Expert View: Waiting for Godot? Don't despair

For those compounding wealth at a healthy pace over time, the market remains rewarding

In what now feels like another life, I came across the play “Waiting for Godot”, an account of two people who wait for a character called Godot, who never comes. As time passes, the two get increasingly anxious, confused and frustrated.

There is a nice corollary to that feeling of despair, confusion and loneliness to be found in markets at certain times. A feeling that would have been shared by the likes of Julian Robertson, Druckenmiller and Buffett at the height of the tech bubble. This is a feeling that the early birds get a few months/years after having spotted some massive mispricing in an asset class, which they then take a position on; and go on to see the market moving against them continuously for an extended period, throwing all rationality to the wind. A feeling that Michael Burry and other early shorters of CDS would have shared. A feeling (not so massive, though) that the domestic liquidity deluge is creating in many investors in Indian equities today.

Indeed, 2017 has largely been a story of that. A few signs of the mismatch between fundamentals and valuations are as follows: (A) Nifty 500 trades at a very long term high of 27X PE. (B) Earnings growth refuses to bounce back, belying the collective wishes of the analyst community for the 5th year running! This is fast turning into a comedy of farces. But no surprises there, for yours truly. (C) Exports and private sector capex, the most potent drivers of economic growth, remain stagnated. The IT services industry (India’s signature export story) is undergoing massive value migration – away – eroding its famed cost arbitrage-led competitive advantage. (D) Major tailwind for global equities with 13 straight months of positive returns from the global market Index (MSCI All Country World), another unprecedented event.

Meanwhile, another round of money, chutzpah and talent fuelled tech bubble in California (technically Washington state too, where Seattle lies and Amazon is headquartered) promises the mother of all disruptions. “Anything that can be disrupted, will be” seems the new maxim. As investors, we will take a long time to come to terms with the implications of these changes. My biggest takeaway from this year’s trip to Omaha, US, remains that the sages themselves are trying to figure and remain anxiously mindful of the same.

But despair not

Hope springs eternal, especially in markets. My personal experience of investing has taught me one critical thing. And that is in markets, as in life, hope truly springs eternal. In times of change can be found the hidden opportunities. As the rest of the world focuses singularly on the coming disruptions and on some imagined cataclysmic change locally and globally, the keen eye looks for the obvious yet ignored.
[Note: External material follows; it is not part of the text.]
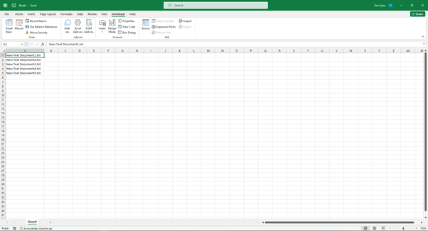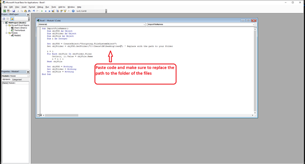 VBA 是一種整合到 Excel 中的強大的程式語言,它提供了自動化任務和擴充套件此軟體功能的機會。使用它,您可以快速地將多個檔名匯入 Excel 單元格,只需幾行程式碼。讓我們深入瞭解該方法 -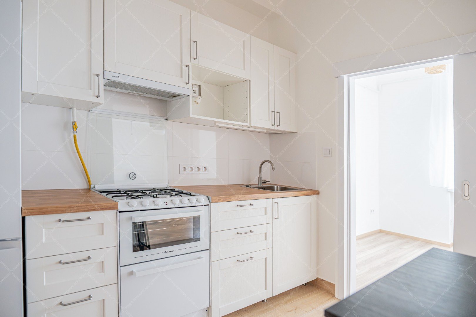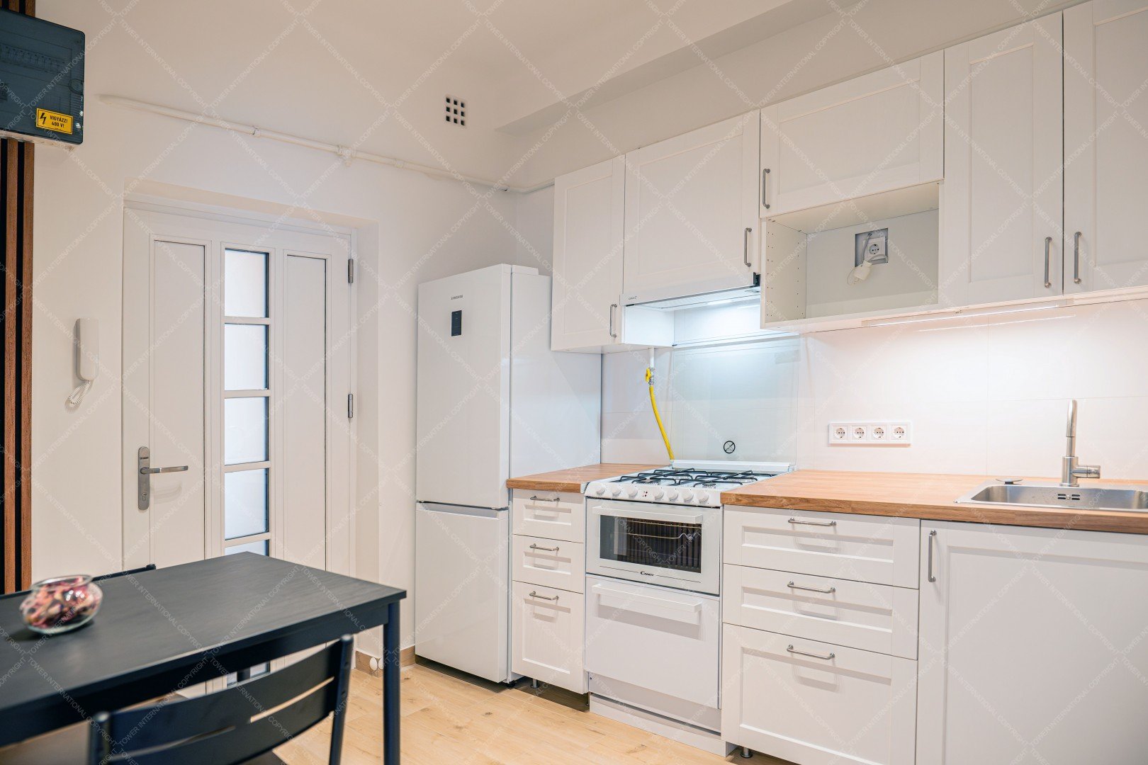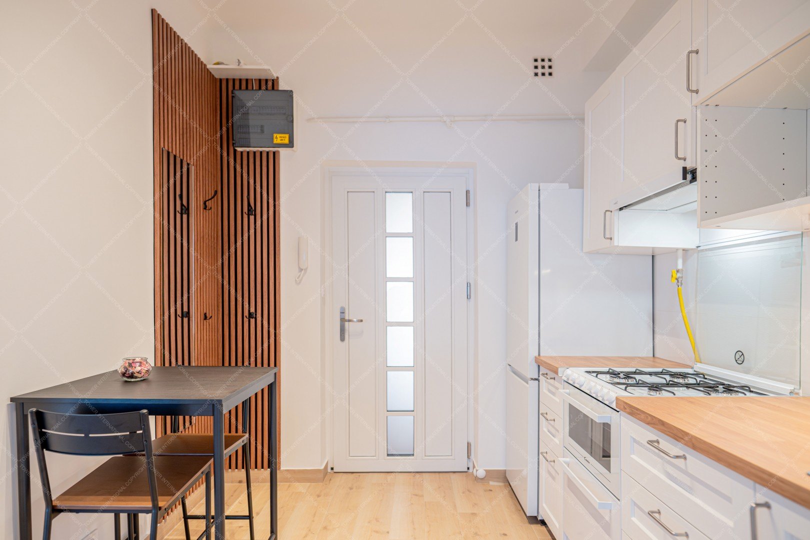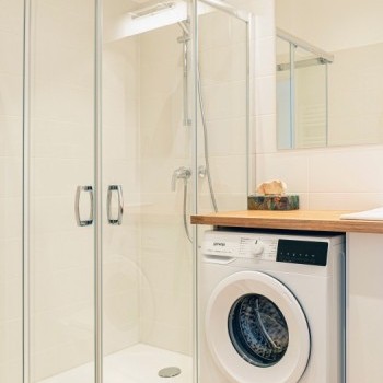 Entering the apartment, we arrive in a spacious kitchen, where there is a hallway wall and a dining table for two with chairs. The kitchen has a Samsung smart refrigerator and a Candy Trio 3-in-1 appliance, which is a gas stove on top, an electric oven in the middle, and a 6-person dishwasher at the bottom. This means that the kitchen has all the appliances you need, yet still plenty of space.

We, in India, continue to be a $2 trillion plus GDP, one billion plus people and equally importantly an economy with per capita GDP less than $2,000, which is chugging along nicely on a 6 per cent plus real GDP growth trajectory.

We continue to be a story of huge under-penetration in many financial and other services as well as potential premiumisation in many consumer goods. This happens as tens of millions of people come off the bottom of the economic pyramid and move from “subsistence” to “consumption”.

Yes the market remains expensive, quite irritatingly so. It should see some normalisation in PE ratios sooner or later. Yes the broader stocks’ earnings growth trajectory is weak. But the good part is that it is improving and there are always pockets of opportunities where one can buy growth with the potential of reasonable (though less than historical) returns over a three-year period. This is probably not a market for the faint-hearted. This is definitely not a market for “get rick quick” brigade, though this is the segment, which (true to character) remains the most excited in this phase of the market. But for the patient investor, who is happy to have his wealth compound at a healthy pace over the long term, the market remains rewarding, as it most often does!

Happy investing and wish you a very happy 2018 in advance.